Abbreviations: AF, atrial fibrillation; CABG, coronary artery bypass grafting; CAD, coronary artery disease; CKD, chronic kidney disease; COPD, chronic obstructive pulmonary disease; EF, ejection fraction; EROA, effective regurgitation orifice area; HF, heart failure; Lt, left; LVEDD, left ventricular end-diastolic diameter; LVEDV, left ventricular end-diastolic volume; LVESD, left ventricular end-systolic diameter; MR, mitral regurgitation; MVr, mitral valve repair; MVR, mitral valve replacement; NA, not available; NYHA, New York Heart Association; STS, Society of Thoracic Surgeons; TR, tricuspid regurgitation. Bold Values: Statistically significant values.

Secondary outcomes

Late all-cause mortality

Twenty-five studies (1617 patients) were assessed. Overall IR of the entire group was 4.63 event per 100 PY (CI = 2.72-7.87). There was significant heterogeneity among included studies (I² = 58%, P < .01). Subgroup analysis showed significantly higher IR of late all-cause mortality in the TEER group (3.00 [1.57-5.72] in surgery vs 8.84 [4.47-17.47] in TEER, interaction-P = .02) (Figure 2). On meta-regression, significant associations were found between increased IR of late all-cause mortality and both advanced age (β = 0.0750 [0.0338], P = .0263) and preprocedural hypertension (β = 0.0365 [0.0087], P < .001) across the entire cohort (Table 3). Within the surgical group, preprocedural hypertension (β = 0.0343 [0.0090], P < .001), MVR (β = 0.0508 [0.0131], P < .001), and associated AV surgery were significantly linked to an increased IR of late all-cause mortality. In the TEER group, hypertension was the sole variable associated with an increased IR of late all-cause mortality (β = .2034 [0.1057], P = .0542) (Table 3).

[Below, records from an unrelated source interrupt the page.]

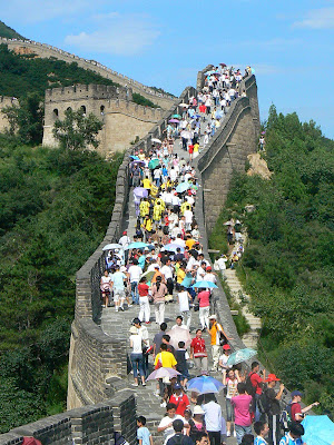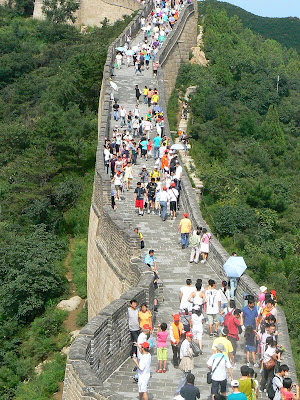 O excursie la Beijing nu poate fi completa fara o vizita la Marele Zid. Desi o intreaga natiune a fost intristata de franchetea primului cosmonaut chinez care a spus ca in ciuda legendelor, Marele Zid nu poate fi vazut din spatiul extra-terestru, lungul zid de peste 5000 de kilometri poate fi vizitat in mai multe locuri din zona Beijing, cel mai popular fiind Badaling. O autostrada cu numeroase benzi te duce pana in punctul in care un teleferic te ridica pana pe metereze, iar de aici, in functie de noroc… Daca vi intr-o zi de weekend, vei fi in mijlocul unei mase care iti va spulbera orice dubiu cum ca China n-ar avea 1 miliard de locuitori. Daca nimeresti, in mijlocul saptamanii, de preferinta in extra-sezon, te vei putea bucura intr-o mai mare masura de incredibilul zid serpuind peste dealuri, ca un boa gigantic. Pigmentat din cand in cand cu turnuri de aparare, Marele Zid Chinezesc este cu adevarat un monument incredibil.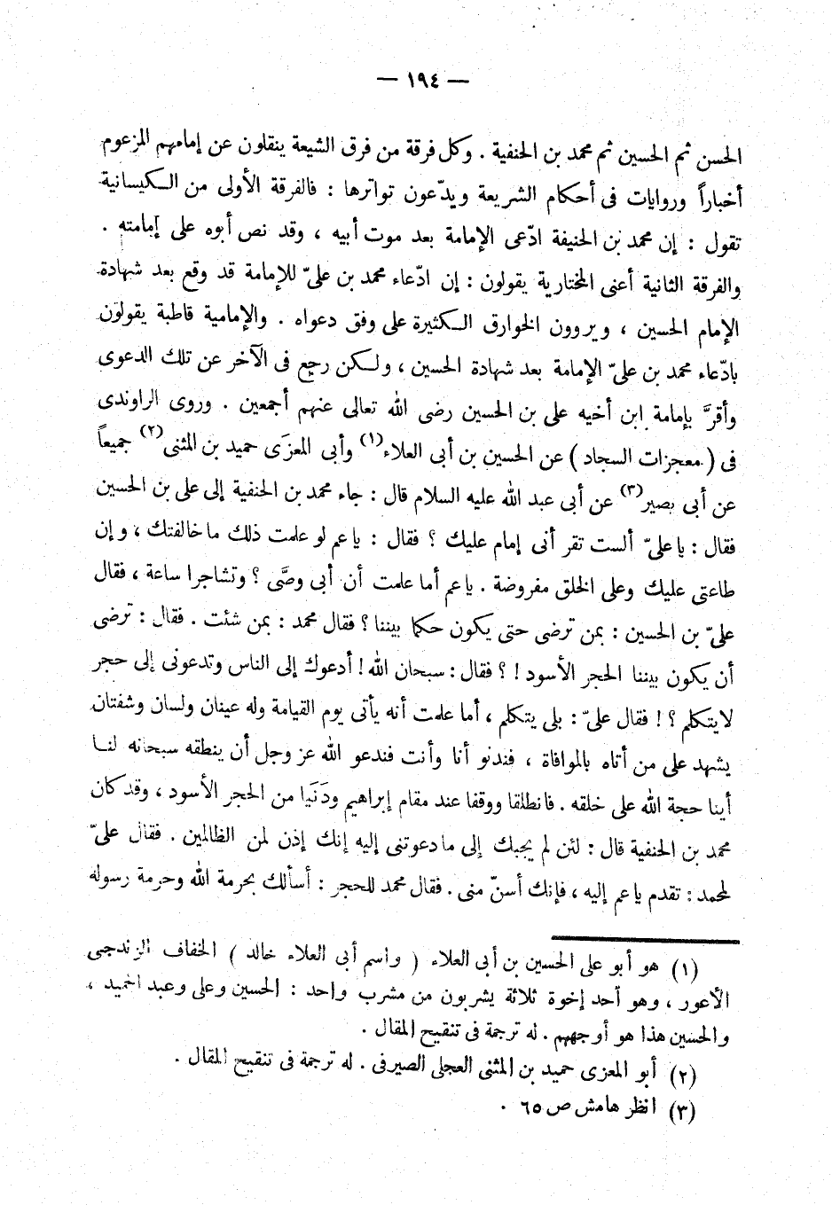 الحسن ثم الحسين ثم محمد بن الحنفية. (¬1) وكل فرقة من فرق الشيعة ينقلون عن إمامهم المزعوم أخبارا وروايات في أحكام الشريعة ويدعون تواترها: فالفرقة الأولى من الكيسانية تقول: إن محمد بن الحنيفة ادعى الإمامة بعد موت أبيه وقد نص أبوه على إمامته. والفرقة الثانية أعني المختارية يقولون: إن ادعاء محمد بن علي (¬2) للإمامة قد وقع بعد شهادة الإمام الحسين، ولكن رجع في الآخر عن تلك الدعوى وأقر بإمامة ابن أخيه علي بن الحسين - رضي الله تعالى عنهم - أجمعين. وروى الراوندي في (معجزات السجاد) (¬3) عن الحسين بن أبي العلاء وأبي المعزي حميد بن المثنى جميعا عن أبي بصير عن أبي عبد الله - عليه السلام - قال: جاء محمد بن الحنفية إلى علي بن الحسين فقال: يا علي ألست تقر أني إمام عليك؟ فقال: يا عم لو علمت ذلك ما خالفتك وإن طاعتي عليك وعلى الخلق مفروضة، يا عم أما علمت أن أبي وصى؟ وتشاجرا ساعة فقال علي بن الحسين: بمن ترضى حتى يكون حكما بيننا؟ فقال محمد: بمن شئت. فقال: ترضى أن يكون بيننا الحجر الأسود؟ فقال: سبحان الله! أدعوك إلى الناس وتدعوني إلى حجر لا يتكلم؟ فقال علي: بلى يتكلم، أما علمت أنه يأتي يوم القيامة وله عينان ولسان وشفتان يشهد على من أتاه بالموافاة، فندنو أنا وأنت فندعو الله عز وجل أن ينطقه سبحانه لنا أينا حجة الله على خلقه فانطلقا ووقفا عند مقام إبراهيم ودنيا من الحجر الأسود وقد كان محمد بن الحنفية قال: لئن لم يجبك إلى ما دعوتني إليه إنك إذن لمن الظالمين فقال علي لمحمد: تقدم يا عم إليه فإنك أسن مني.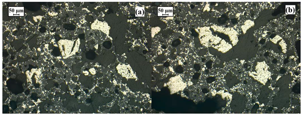 Fayalite and hercynite are detected in the reduced pellets of blends without coal-bearing, as illustrated in Figure 8, leading to a lower metallization degree and iron recovery. Due to the low melting temperature of fayalite, the liquid phase formed easily in the reduction temperature range, and micromelting appearance was observed in the reduced pellets. Distributions of iron grains in Figure 9 demonstrate that metallic iron grains exist at the outer layer of reduced pellets without coal-bearing, and the inner layer is filled with fayalite and hercynite. In contrast, dominant iron minerals are reduced to metallic iron at both the inner and outer layer by blending 15% coal fines in the pellet feed, and minor iron minerals combine with Al2O3 to form a trace of hercynite. Mullite is the main gangue mineral, which inhibits the grain growth of metal iron to a certain extent, so that there are still some metallic iron grains with fine particle size less than 20 μm, resulting in the low iron grade of the metal iron powder after magnetic separation.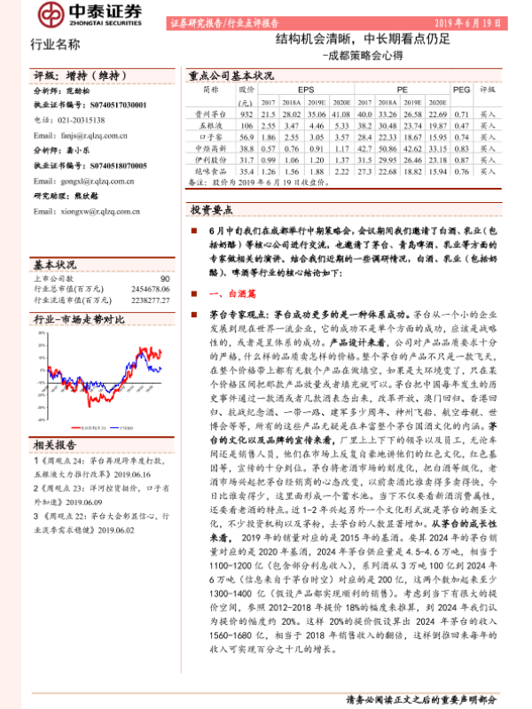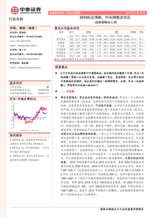 【中泰证券】【20190619】20190619-中泰证券-食品饮料行业点评报告:成都策略会心得-结构机会清晰,中长期看点仍足-8页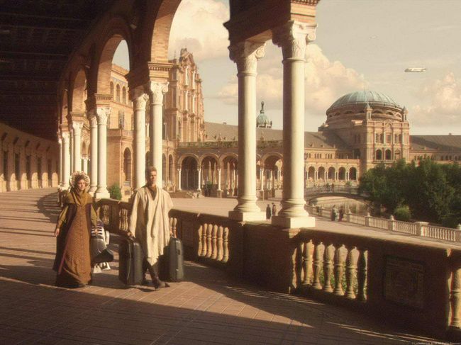 The Plaza de España has been used as a filming location, including scenes for the 1962 film Lawrence of Arabia. The building was used as a location in the Star Wars movie series Star Wars: Episode II – Attack of the Clones (2002) — in which it featured in exterior shots of the City of Theed on the Planet Naboo.[5] It also featured in the 2012 film The Dictator.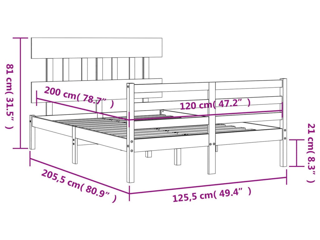 - Celkové rozměry postele: 205,5 x 125,5 x 81 cm (D x Š x V)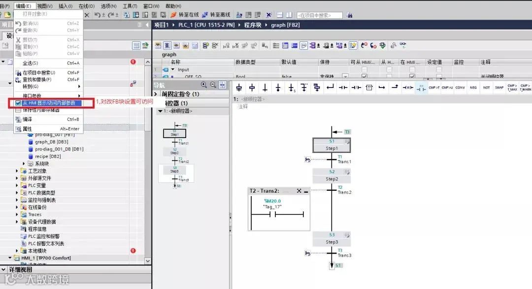 1)首先创建一个Graph 流程的FB块,用FB块进行流程图的编程,打开FB功能块,并在编辑菜单中勾选如图“从HMI显示/访问内部参数”,如下图所示: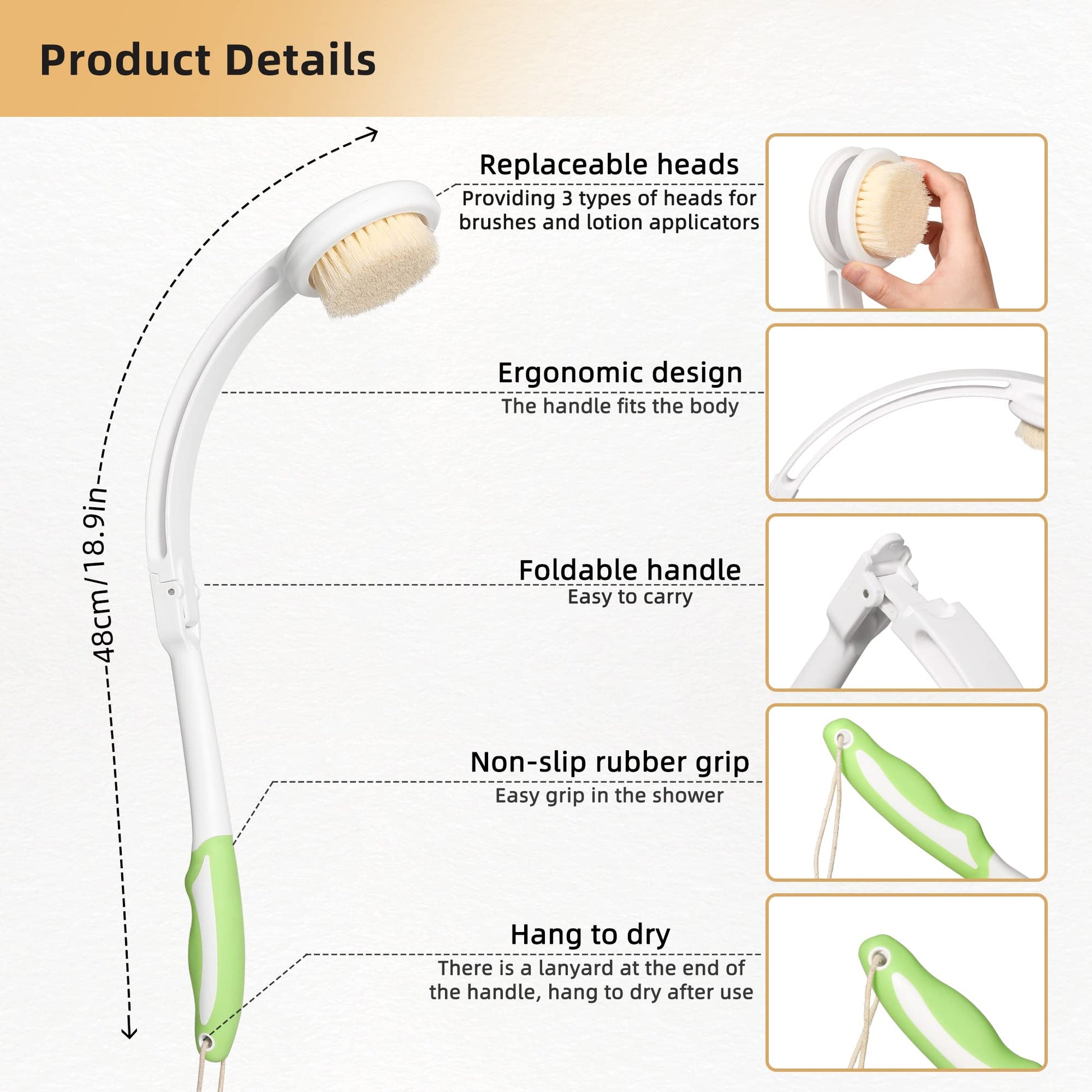 - ๐๐.๐๐ข๐ง ๐ ๐จ๐ฅ๐๐๐๐ฅ๐ ๐ฅ๐จ๐ง๐ ๐ก๐๐ง๐๐ฅ๐: The 18.9" long curved handle makes it easy to reach hard-to-reach areas of the back, without having to raise your arms very high! The handle design conforms to the curve of the body, more closely fit the back, more convenient operation, effectively help us easily clean all parts of the body. Handles can be folded, convenient for you to carry to the outdoors when traveling or fitness.

Figure 2. — Forest Plot, Subgroup Differences Between Surgery Group and Transcatheter Edge To Edge Repair Group for Incidence Rate of Late (Follow-Up) All-Cause Mortality.

Late HF hospitalization/readmission

Sixteen studies (968 patients) were assessed. Overall IR in the entire group was 7.15 events per 100 PY (CI = 4.17-12.26). There was significant heterogeneity among included studies (I² = 87%, P < .01). Subgroup analysis showed a significantly higher IR of late HF readmission in the TEER group (4.44 [2.16-9.14] in surgery vs 17.03 [13.17-22.03] in TEER, interaction-P < .01) (Figure 3).

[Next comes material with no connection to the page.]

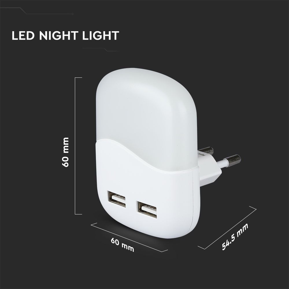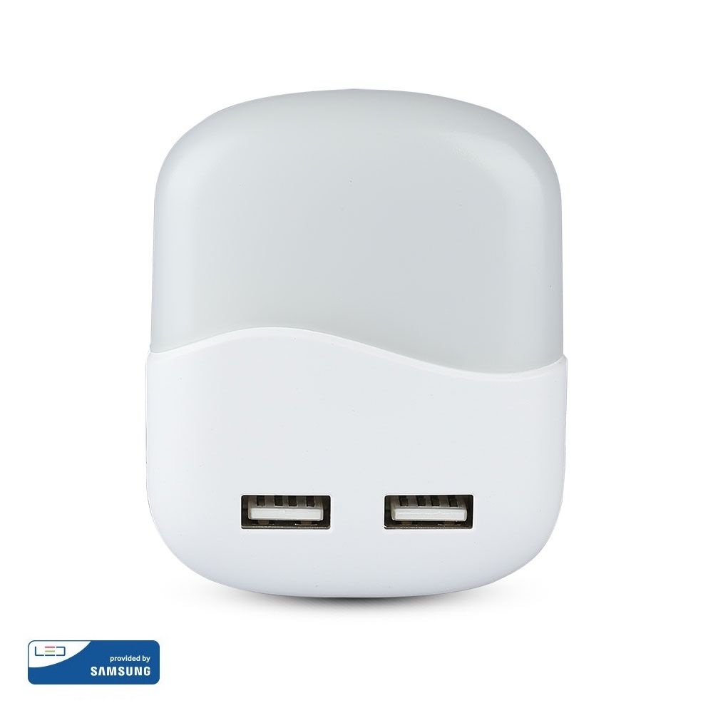 LED Φωτιστικό Νυκτός Τετράγωνο Λευκό με Αισθητήρα Νύχτας-Μέρας με 2xUSB Θύρες Φόρτισης 0.5W V-TAC PRO Samsung Chip 10lm Θερμό Λευκό 3000K – 507

Figure 3. — Forest Plot, Subgroup Differences Between Surgery Group and Transcatheter Edge To Edge Repair (TEER) Group for Incidence Rate of Late (Follow-Up) Heart Failure (HF) Hospitalization/Re-Admission.

Late postprocedural NYHA III/IV

Thirteen studies (587 patients) were assessed. Overall IR in the entire group was 15.56 event per 100 PY (CI = 9.48-25.56). There was significant heterogeneity among included studies (I² = 96%, P < .01). Subgroup analysis showed significantly higher IR of late postprocedural NYHA III/IV in the TEER group (2.98 [0.94-9.49] in surgery vs 22.47 [16.69-30.27] in TEER, interaction-P = .01) (Figure 4).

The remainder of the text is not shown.